International career
- 1907–1908: Switzerland / 1 / (0)

= Eugen Strauss =

Swiss footballer (born 1881)

Henri Eugen Strauss (born 4 February 1881), or Eugène Strauss as he was known in Lausanne, was a Swiss international footballer who played as midfielder in the early 1900s.

==Football career==
===Club football===
Strauss joined FC Basel's first team for their 1902–03 season and in this season he played just one friendly game. In their next season, 1903–04, he played his domestic league debut for the club in the home game in the Landhof on 25 October 1903 as Basel won 3–1 against local rivals FC Fortuna Basel.

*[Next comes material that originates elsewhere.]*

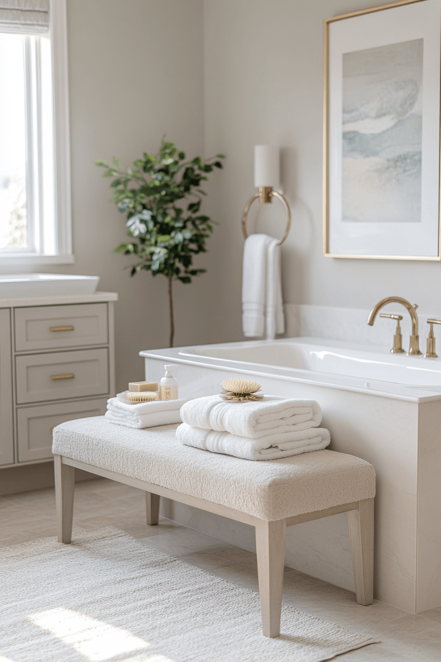 Designing a cozy bathroom in a small space is all about thoughtful details. A simple bench, neatly arranged towels, and curated decor can create a charming setup. Soft lighting and neutral tones keep everything feeling calm and cohesive. The design proves that even compact spaces can feel luxurious. Every piece plays a role in creating comfort. Reimagine your bathroom with these smart ideas.
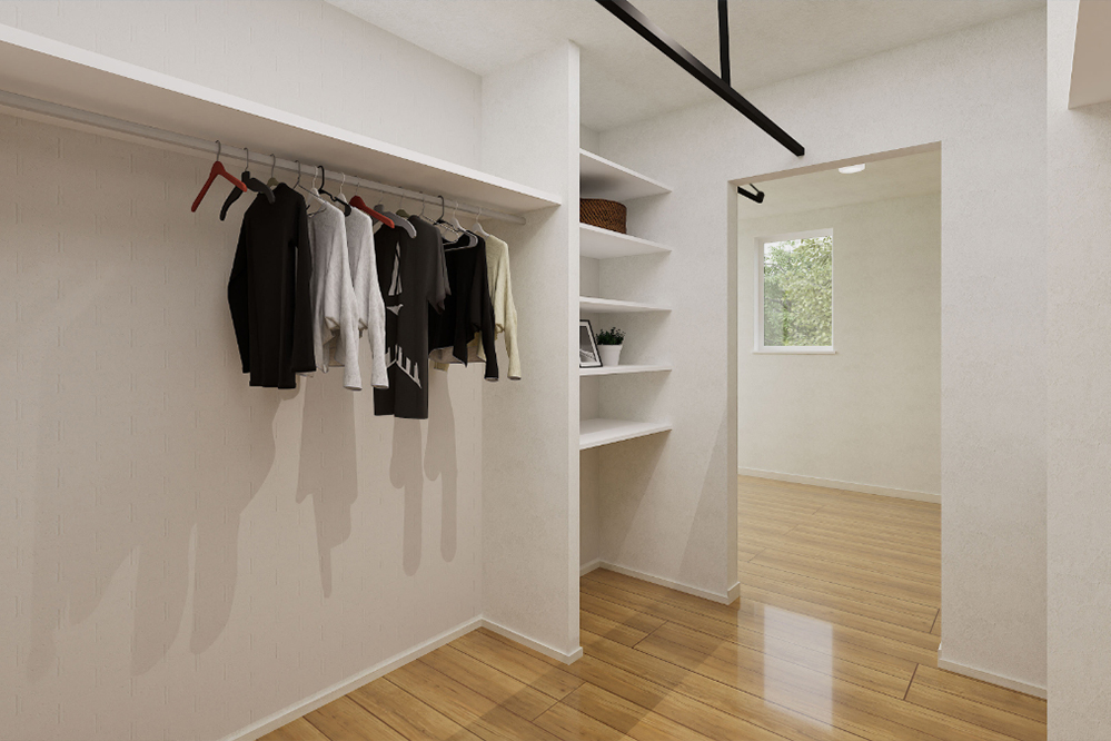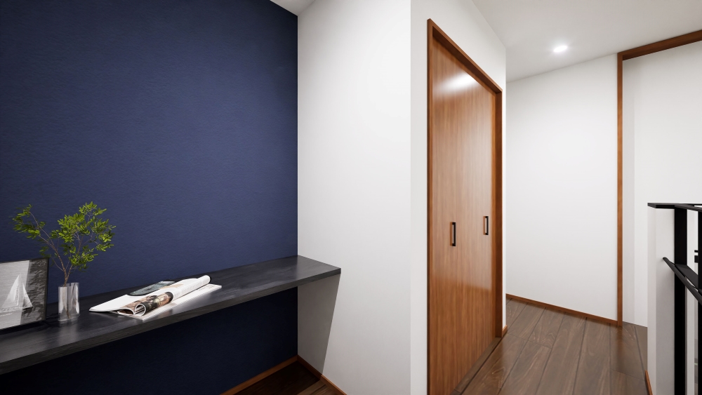 穏やかで暖かみのある、家族が自然と集まる空間。オープンな書斎スペースや大容量のファミリークローゼットなど、暮らしと家族が自然につながるお家です。

During the 1903–04 Swiss Serie A season Strauss advanced to become a regular starter in the Basel team. At the end of the season, Basel were in third position in the group table.

Interesting in Strauss' career was the 1906–07 Swiss Serie A season. In this season Basel and local rivals Old Boys ended the central group level on points. As it came to the last group game of the season, at home against the Old Boys, Basel were leading the table two points ahead of their opponents. However, in this last match despite a two-goal lead, the goals being scored by Dr. Siegfried Pfeiffer and Max Senn, their local rivals turned the game and won three goals to two.

Subsequently it came to a play-off to see who would advance to the finals. The play-off match was interrupted in the 50th minute due to a storm and following the restart it ended in a 1–1 draw. Thus, it required a reply one week later and this was also drawn 1–1. The teams played 2x 10 minutes extra time, but neither team scored. Therefore, both teams agreed to play a further 15 minutes, but neither team scored. Another week later it then came to a second replay which Basel decided with 4–1 for themselves. Basel advanced to the finals, but were beaten 1–5 by west group winners Servette and 2–3 by east group winners Young Fellows Zürich. Servette won the deciding match and became Swiss champions. Strauss played in all these games and he scored his first goal for his club on 5 May 1907 in the last match of the final round against Young Fellows. It was the last goal of the match and scored from a penalty kick.

Between the years 1902 and 1907 Strauss played at least 35 games for Basel and was recorded as scoring two goal. At least 23 of these games were in the Nationalliga A and 12 were friendly games. He probably played more games than mentioned, but the documentation is not available. (Note: The player lines-ups and goal scorers for 3 of the 8 league games in the 1904–05 season are unknown or incomplete.) (Note: The player lines-ups and goal scorers for 4 of the 6 league games in the 1905–06 season are unknown or incomplete.) (Note: The player lines-ups and goal scorers for 4 of the 8 league games in the 1906–07 season are unknown or incomplete.)

Following his time with Basel, Strauss moved on and played at least the 1907–08 Swiss Serie A season with Montriond Lausanne. Lausanne played in the championship west group and ended the season in third position in the group table.

In the Swiss Serie A 1910–11 season Strauss played for La Chaux-de-Fonds.

===International===
In the 1907–08 season Strauss was called up for the Swiss national team. On 5 April 1908 he played in the legendary 5–3 victory over Germany at the Landhof in Basel. This was the third national team game for the Swiss and the first for the Germans.

==Notes==
===Footnotes===

Incomplete league matches 1904–1905 season: FCB-Bern, OB-FCB, FCB-YB

Incomplete league matches 1905–1906 season: FCB-OB, FCB-Bern, YB-FCB, FCB-YB

Incomplete league matches 1906–1907 season: YB-FCB, OB-FCB, FCB-YB, FCB-Aarau

===Sources===
- Rotblau: Jahrbuch Saison 2017/2018. Publisher: FC Basel Marketing AG. ISBN 978-3-7245-2189-1
- Die ersten 125 Jahre. Publisher: Josef Zindel im Friedrich Reinhardt Verlag, Basel. ISBN 978-3-7245-2305-5
- Verein "Basler Fussballarchiv" Homepage
(NB: Despite all efforts, the editors of these books and the authors in "Basler Fussballarchiv" have failed to be able to identify all the players, their date and place of birth or date and place of death, who played in the games during the early years of FC Basel. Most of the documentation is missing.)